There is typically very little communication/interaction between data-consumers
from different organizations, (except in formal business relationships like Facebook &
Advertisers from above), so if the user provides some information to a data-consumer
(e.g. this location is my home), then the user probably needs to provide that
information separately to other data-consumers, even if they were okay with that
information being used by other data consumers as well.
4.1.2 Summary
The way that these stakeholders interact today is troubling and leaves much to be
desired. Data-loggers wield a lot of power in deciding what data is collected, how it is
stored, and who has access to it. With this power also comes the responsibility of
maintaining the user’s trust, and obeying laws. Data-consuming services want to
provide their users the best possible service, which can rely in part on access to the
user’s data. Users want to receive the best services possible, but also want to be
comfortable with how their data is being used, which requires a combination of
transparency and trust. Finally, all stakeholders are seeking to minimize costs, even
at the expense of other stakeholders (e.g. storing data and providing it through an
API can cost money, so loggers may avoid it).

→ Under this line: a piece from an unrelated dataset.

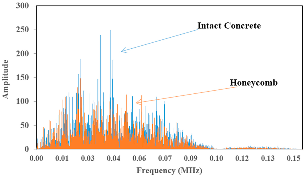 Figure 21 is a graph of amplitude vs. frequency for a wave that propagates in two types of medium: intact concrete and concrete with honeycomb. Figure 21 illustrates that the graph is shifted to the right for intact concrete compared to concrete with honeycomb. In Figure 21, the standard deviation of the wave propagated in sound concrete was recorded as 30.02 for amplitude and 0.052 MHz for frequency measurements while for concrete with honeycomb, the registered values were 22.93 and 0.048 MHz for amplitude and frequency, respectively. Thus, the results show that the wave experienced reflection in concrete with honeycomb and some part of the energy was transformed to another form so that the amplitude and frequency that the sensor received for concrete with honeycomb were less than for intact concrete.
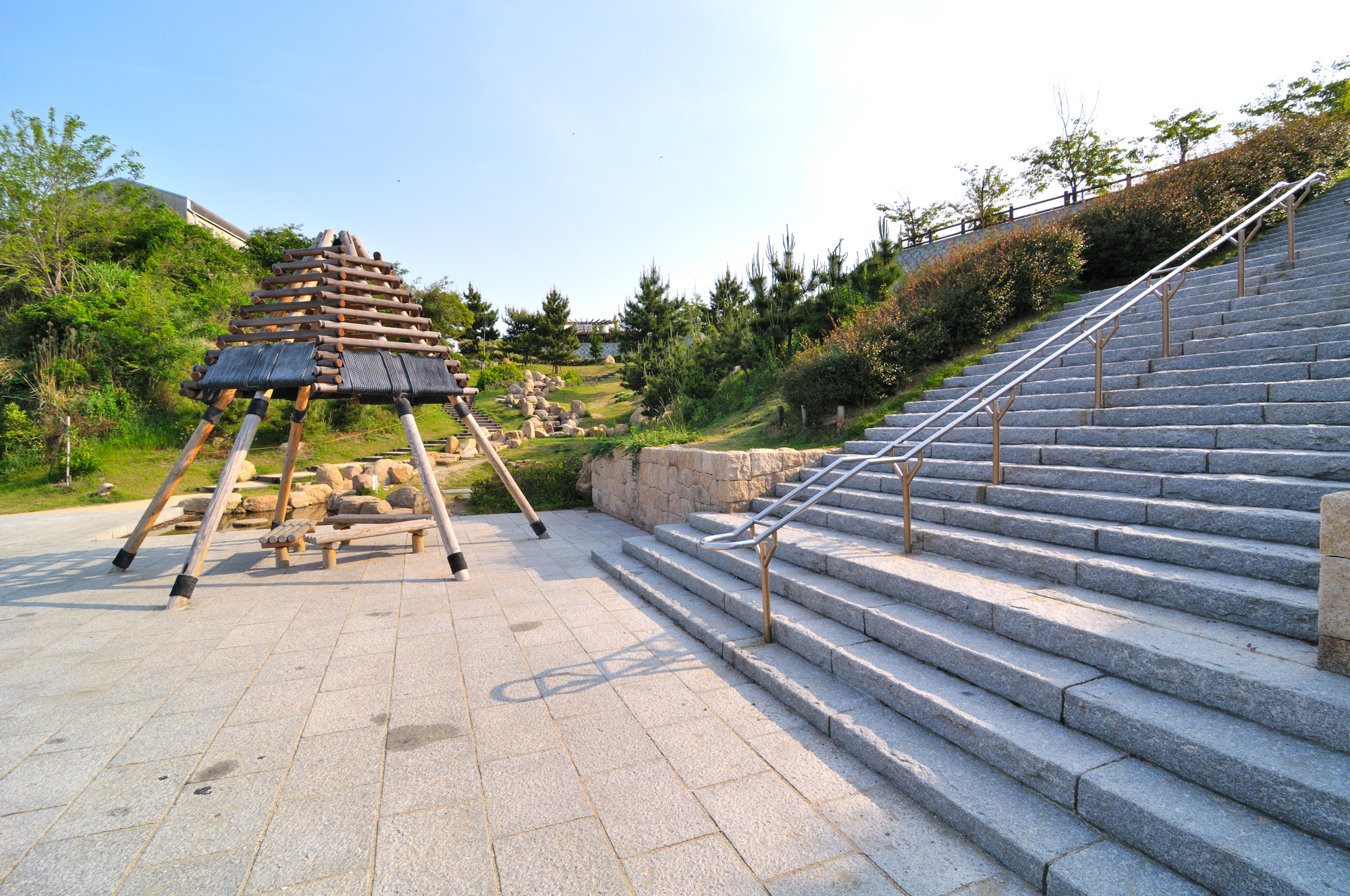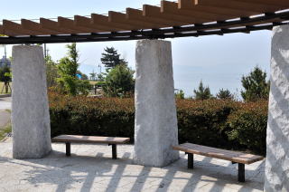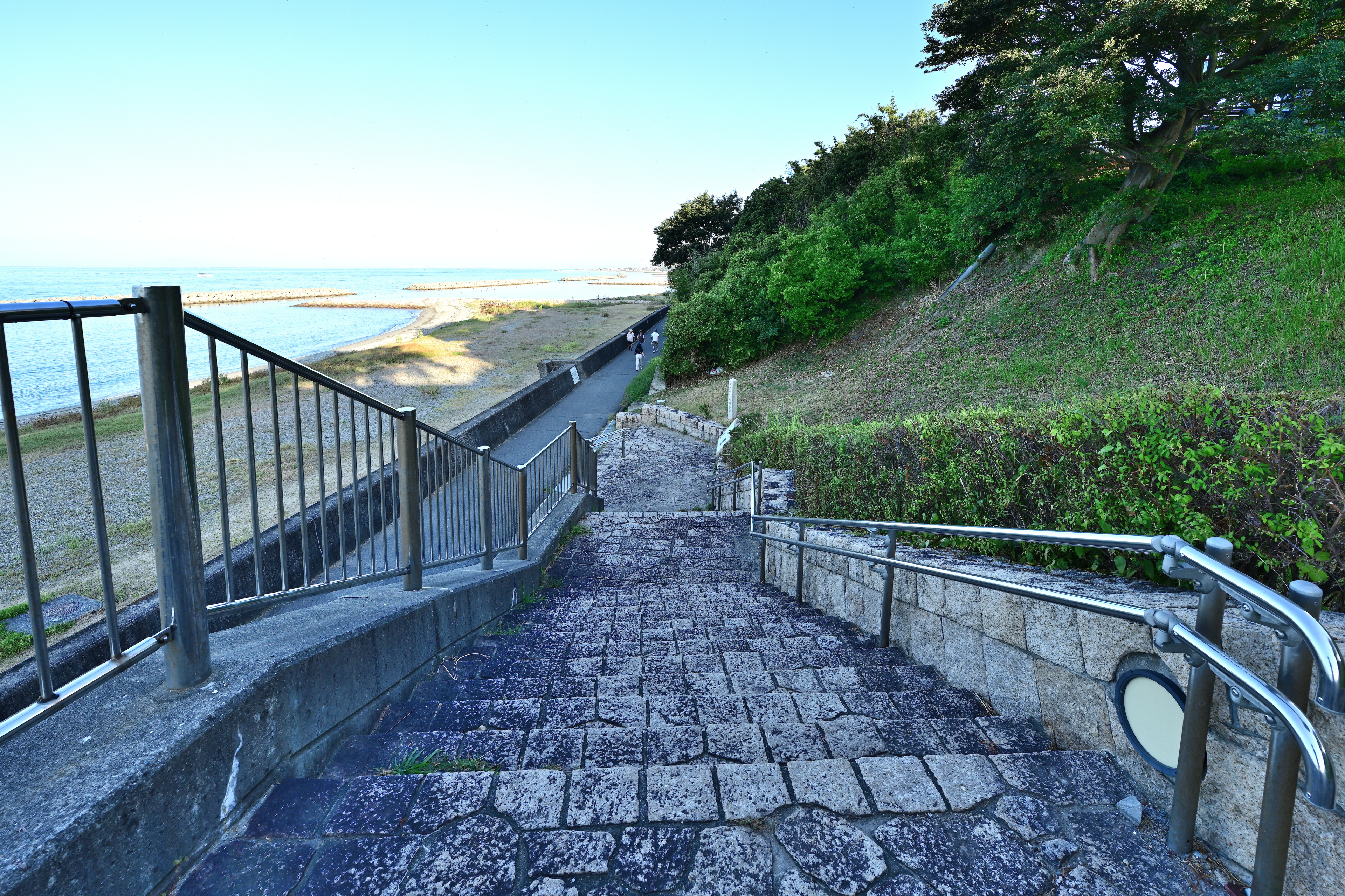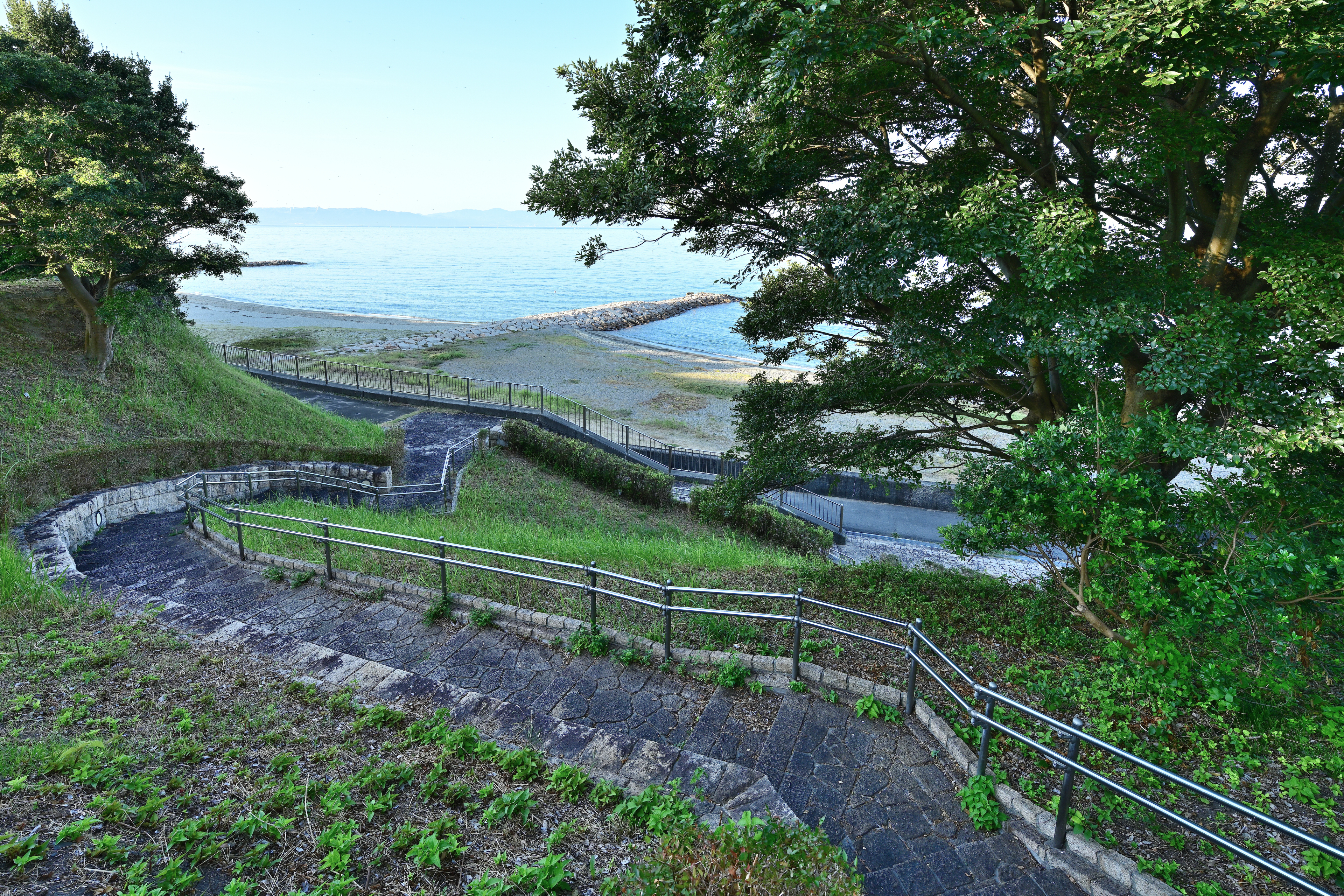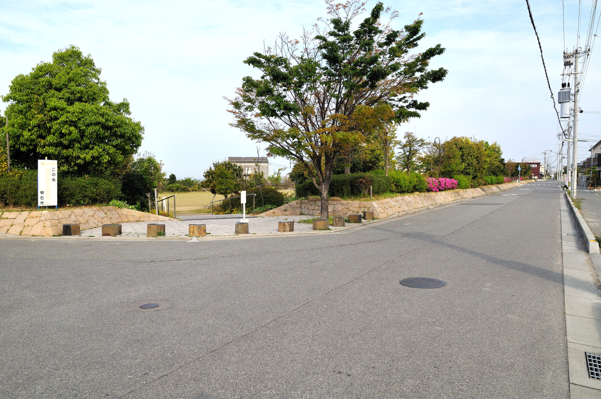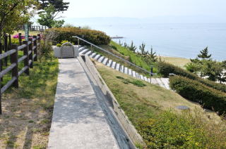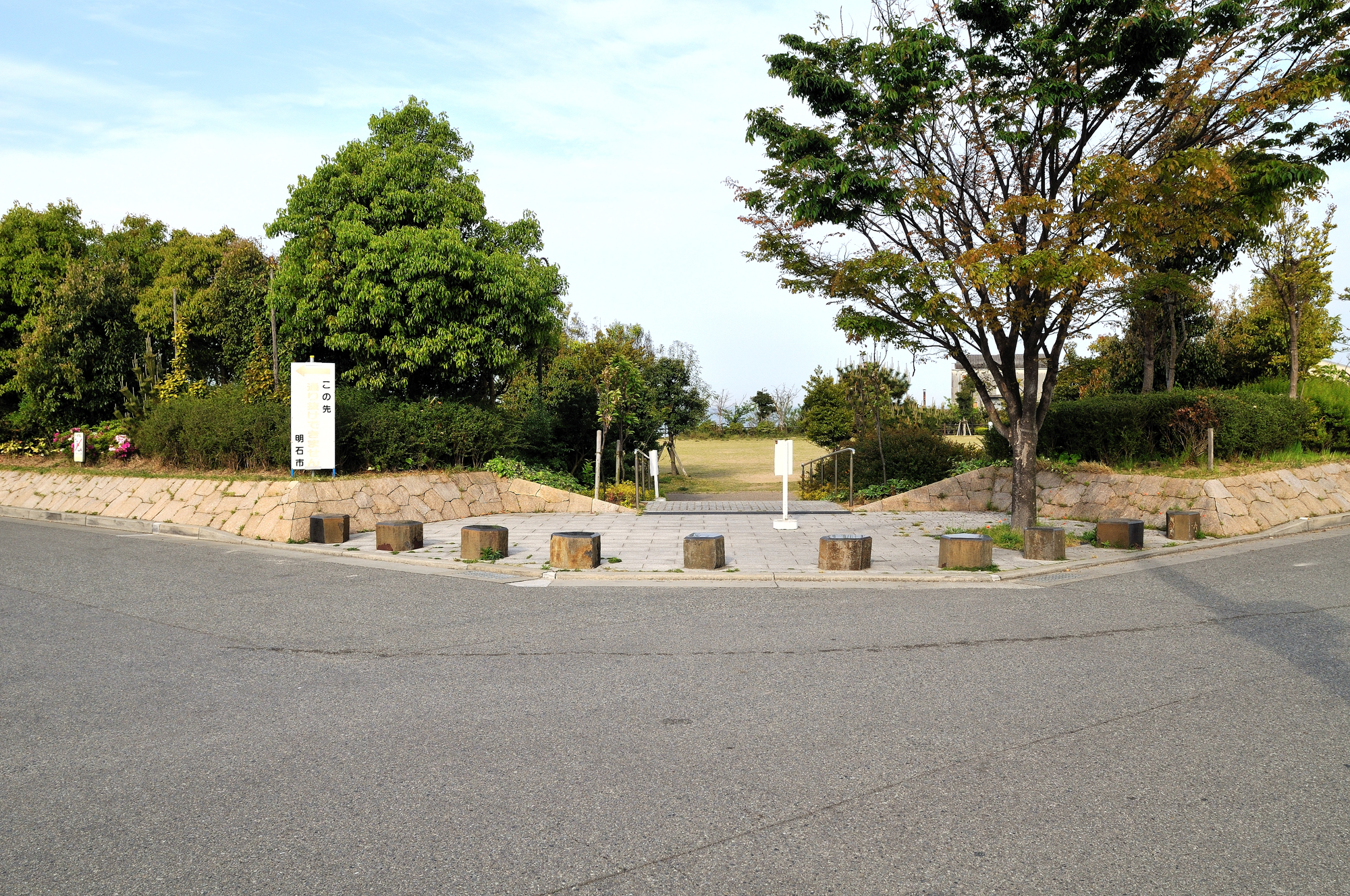 | 右手の階段を下りると、 屏風ヶ浦、明石象化石発掘地に通じている。 撮影方向 (南) MAP f |

Examining the ecosystem of personal data in this way highlights clear problems with
how personal data is managed today. The current ecosystem stifles innovation,
facilitates lock-in, and offers a sub-optimal user experience. Considering these issues
holistically offers the potential to improve personal data for all stakeholders.
4.2 The Personal Data Continuum
In this thesis, data is considered personal data if it describes something, anything,
about an individual person: her behavior, her interests, her social relationships. So
far in this thesis, personal data has been discussed as a single concept: either
something is personal data or it is not. However, to fully engage how personal data is
collected, stored, and used, it is useful to think about different kinds of personal data
and how they are related to each other.
16
http://www.nytimes.com/2012/02/19/magazine/shopping-habits.html?pagewanted=7
74
Chapter 4: A Conceptual Framework for Personal Data
This section develops the idea that personal data can be thought of as falling
somewhere along a continuum. This continuum is a core component of the
conceptual framework. It ranges from very low-level data (e.g. a log of accelerometer
data, latitude and longitude coordinates, audio levels) to extremely high-level data
(e.g. my behaviors that do not support sustainability, the set of skills that I don’t have
which would be most beneficial to learn, an inference of the state of my mental
health). Personal data can exist at various points along the continuum. The personal
data continuum is intended to be continuous rather than discrete, however it’s also
important to keep in mind that continuum is a conceptual tool, not an absolute
dimension. The personal data continuum described here is one of two components
(the other being the steps introduced in section 4.3) of the conceptual framework for
working with personal data (described in section 4.4). The following examples offer
additional perspective into various points along the personal data continuum.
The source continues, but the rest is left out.